**Action item**: Don't include pictures. Quote the lines below from the first through the line that contains "ALA: dos o tres".

Records drawn from a dataset:
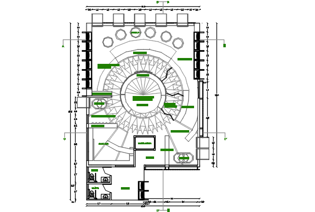Working Commercial plan detail dwg file, Working Commercial plan detail with naming detail, dimension detail, furniture detail with chair, table, leveling detail, stair detail, etc.
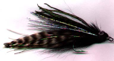 ALA: dos o tres mechones de Streamer Hair a lo largo del anzuelo con fibras de holographic flashabou a los costados, con un largo desde el último mechón del ala hasta donde termina la cola.
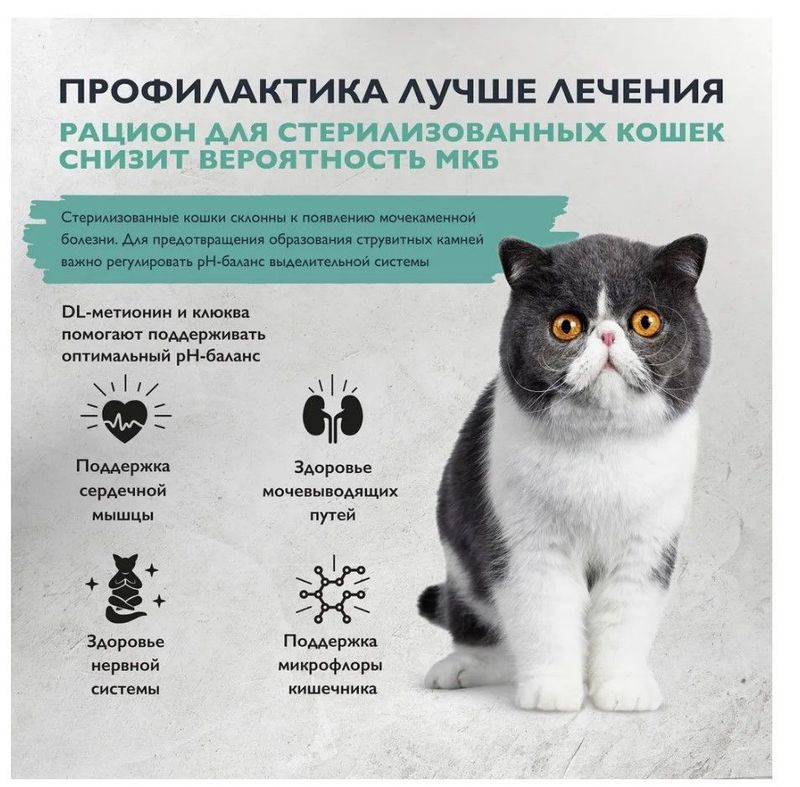 Полнорационный сухой корм суперпремиум-класса с индейкой и уткой для стерилизованных кошек. Профилактика МКБ. Здоровье мочевыводящих путей Поддержка сердечной мышцы Здоровье нервной системы Поддержка микрофлоры кишечника Стерилизованные кошки склонны к появлению мочекаменной болезни. Для предотвращения образования струвитных камней важно регулировать pH-баланс выделительной системы. Индейка естественный источник L-триптофана, гормона счастья DL-метионин поддерживает здоровье мочевыдели тельной системы Жирные кислоты из натуральных источников для красоты шерсти и здоровья кожи Свежее мясо для активности в течение дня Витамины, минералы и антиоксиданты для поддержки иммунитета питомца Растворимые и нерастворимые пищевые волокна для здорового пищеварения и микрофлоры кишечника Состав: мясо птицы 48 % (дегидрированное мясо индейки 32 %, свежее мясо и субпродукты индейки 12 %, свежее мясо утки 4 %), рис цельнозерновой, ячмень, желтый горох, клетчатка свекловичная, животный жир 4 %, гидролизованный животный белок 3,5 %, витаминно-минеральный комплекс, пивные дрожжи, таурин, холинхлорид, L-карнитин, сушеный картофель, DL-метионин, сушеное яблоко, корень цикория, сушеная морковь, хлорид натрия, юкка Шидигера, новозеландская мидия, розмарин, календула, льняное семя, клюква, хондроитин, глюкозамин, антиоксидант (в том числе экстракт розмарина, натуральные токоферолы). Содержание питательных веществ на 1 кг: белок 31 %, жир 12 %, клетчатка 3,9 %, влажность 8 %, зола 8,5 %, кальций 1,6 %, фосфор 1,1 %. Аналитический состав: белки 31 гр. жиры 12 гр. зола 8,5 гр. клетчатка 3,9 гр. влажность 8 гр. кальций 1,6 гр. фосфор 1,1 гр. Энергетическая ценность на кг: 3620 ккал / 15147 кДж. Срок годности: 18 мес. с даты изготовления. Товар упакован в пакеты из полимерных материалов, соответствующим техническим регламентам. Условия хранения: хранить при температуре от 0 до 25 С и относительной влажности воздуха не более 75%. Беречь от солнечных лучей. Рекомендации по кормлению: Следуйте рекомендациям по ежедневному питанию, представленным в таблице кормления. Корм следует давать сухим или увлажненным теплой водой. Суточная норма может варьироваться в зависимости от индивидуальных потребностей животного и таких факторов, как возраст и уровень активности. У питомца всегда должен быть доступ к свежей питьевой воде. При вводе нового корма смешайте его небольшое количество с привычной едой и в течение нескольких дней постепенно увеличивайте количество нового корма.
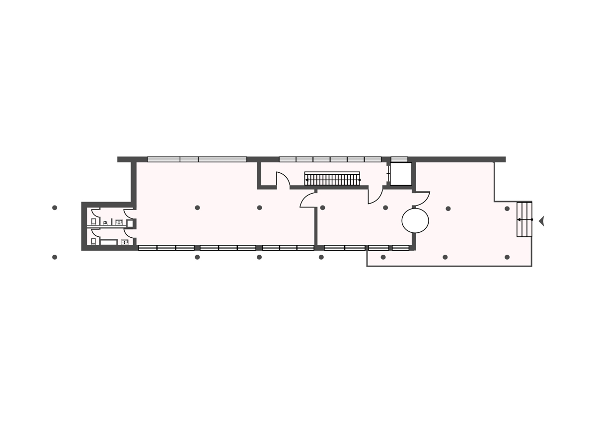 Im westlichen Teil des Gebäudes befindet sich das Treppenhaus mit Glasaufzug. Sämtliche Geschosse verfügen über Hohlraumböden für eine variable Installationsführung mit hochwertiger Textilbelägen. Der Grundriss ist frei von Querscheiben und bietet größtmögliche Flexibilität bei der Grundrissgestaltung. Die einzelnen Räume sind derzeit mit Glastrennwänden abgeteilt. Die Nasszellen sind voll gefliest und mit zeitloser WC-Einrichtung ausgestattet. Ebenso ist jedes Geschoss mit einer Teeküche ausgestattet.
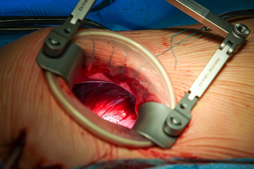 Выясняется, что митральный клапан несостоятелен. Створки не выполняют свою функцию. Необходимо протезирование. Можно сделать пластику, но она будет недолговечной. Чтобы избавить молодого мужчину от повторного вмешательства, врачи решили выполнить сразу протезирование механическим клапаном.
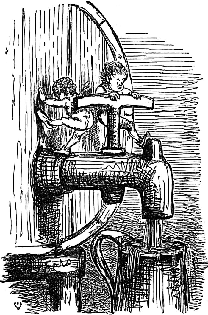 "Oh overflowing cask, you give drink and fill to drunkenness every loving desire. You give joy and illumine all our understanding" (Catherine of Siena, 1347-1380, qtd. in An Anthology of Christian Mysticism by Harvey D. Egan). The keg/cask/hogshead imps appear in Punch, 1860. The spigot fairy appears in Fairies and Folk of Ireland by William Henry Fros t, 1900.
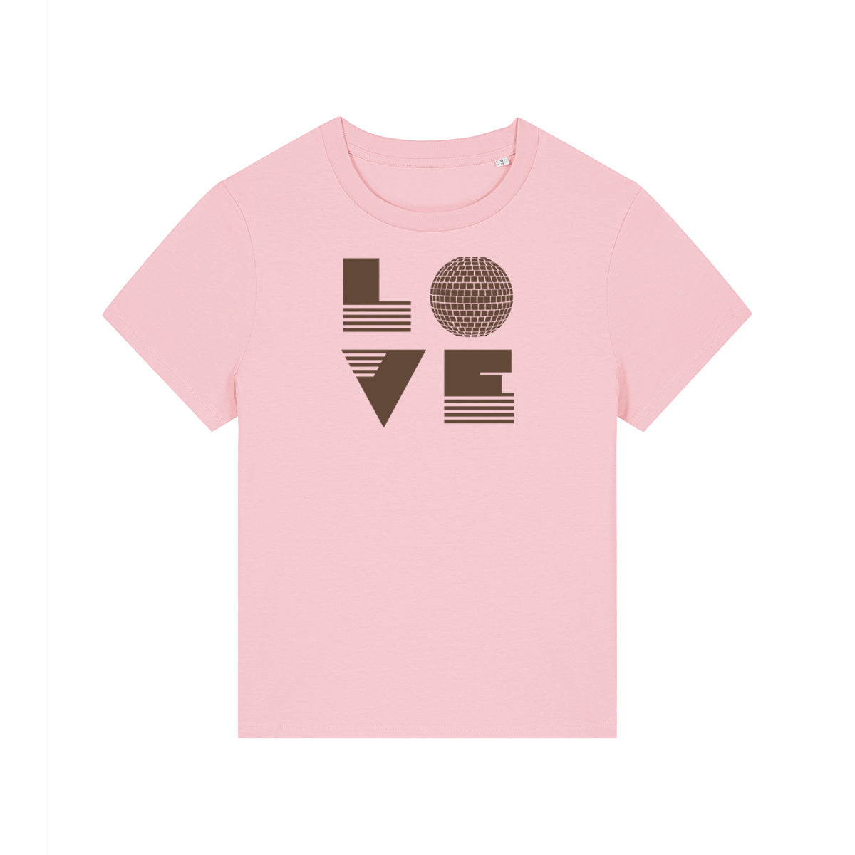 Our best selling LOVE design on a bubble gum pink tshirt, this one celebrates our love of the disco ball. A perfect addition to your wardrobe.
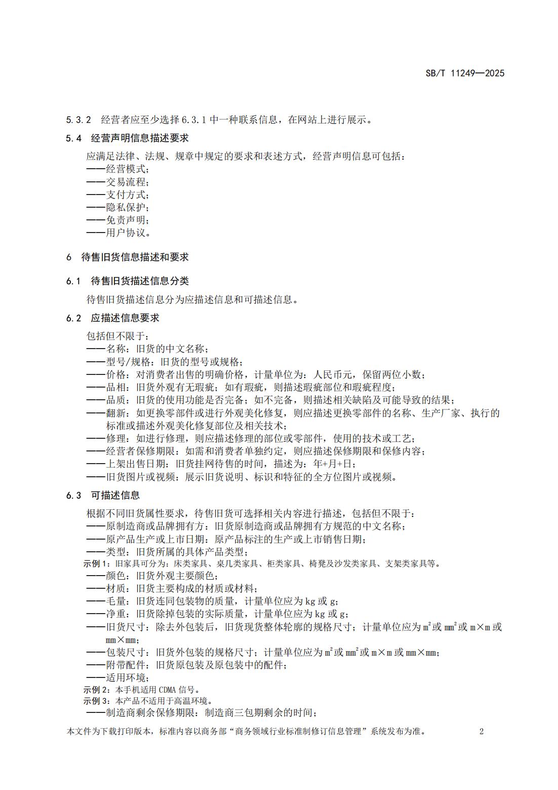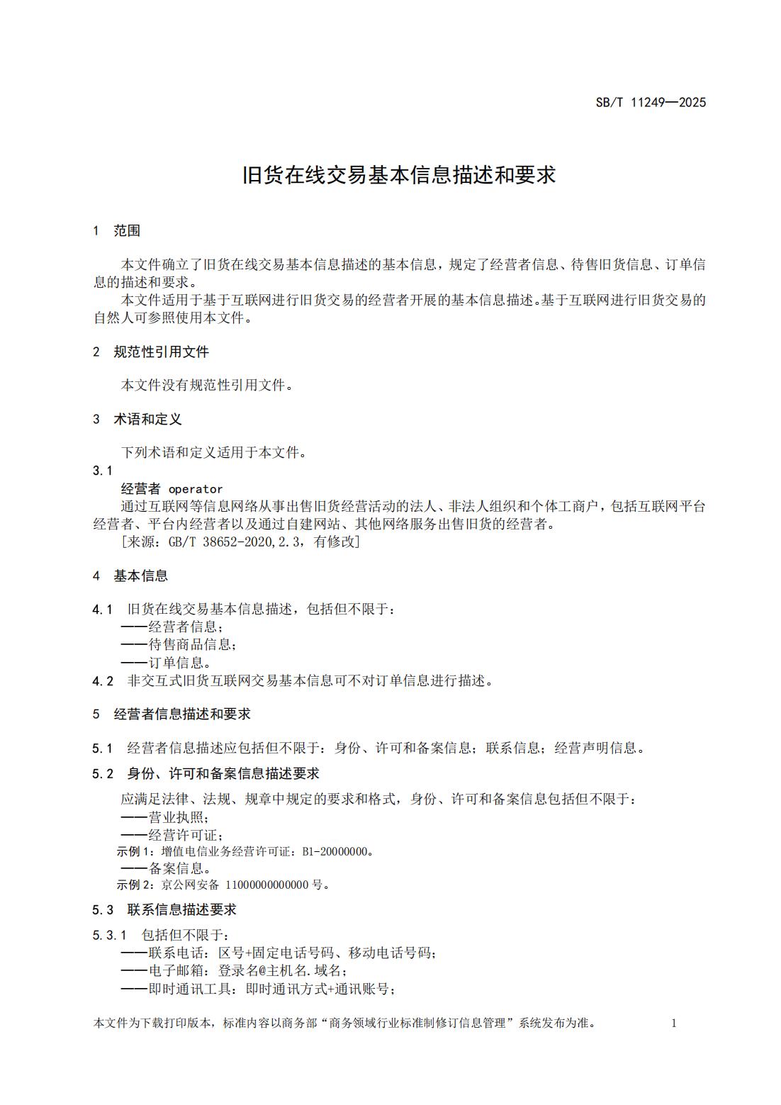 SB/T11249-2025《旧货在线交易基本信息描述和要求》行业标准
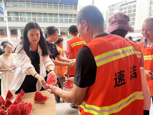 连日来,我市持续高温天气,在我市村(社区)党群服务中心、小区物业、商圈超市、暖心驿站等地的纳凉点,工作人员为户外工作人员和群众送去清凉。图一、居民们在东宝区龙泉街道金虾河社区纳凉点清凉度夏。图二、村民们在荆门高新区·掇刀区麻城镇板庙村纳凉点读书看报。图三、东宝区龙泉街道白云楼社区工作人员为户外工作人员送上西瓜。图四、在东宝区龙泉街道金虾河社区纳凉点,社区工作人员为纳凉居民沏上“爱心凉茶”。(记者 三毛 通讯员 李俊玲 黄锴璠 摄)
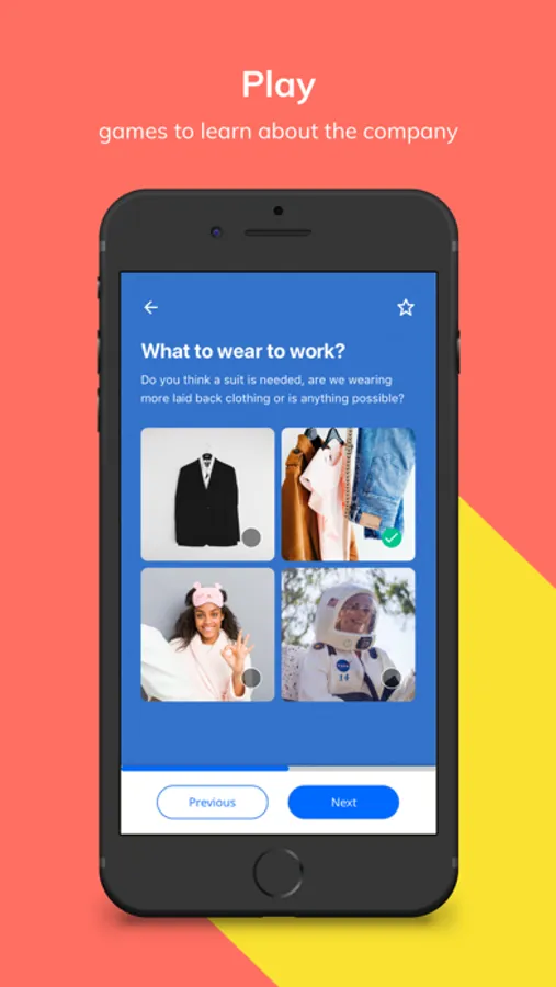 Scroll through the app to get to know your new company directly from you phone: engage with your future colleagues, tour your future office, learn all those tips and tricks that will make you arrive at your first day nerves free and ready to roll!
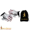 Meticulously handmade from sturdy 16-gauge MILD STEEL, these are sturdy and will last many battles. These fasten using robust leather straps and solid brass buckles. For better comfort and grip, these come attached with suede leather gloves.

**Task response**:
Working Commercial plan detail dwg file, Working Commercial plan detail with naming detail, dimension detail, furniture detail with chair, table, leveling detail, stair detail, etc.
 ALA: dos o tres mechones de Streamer Hair a lo largo del anzuelo con fibras de holographic flashabou a los costados, con un largo desde el último mechón del ala hasta donde termina la cola.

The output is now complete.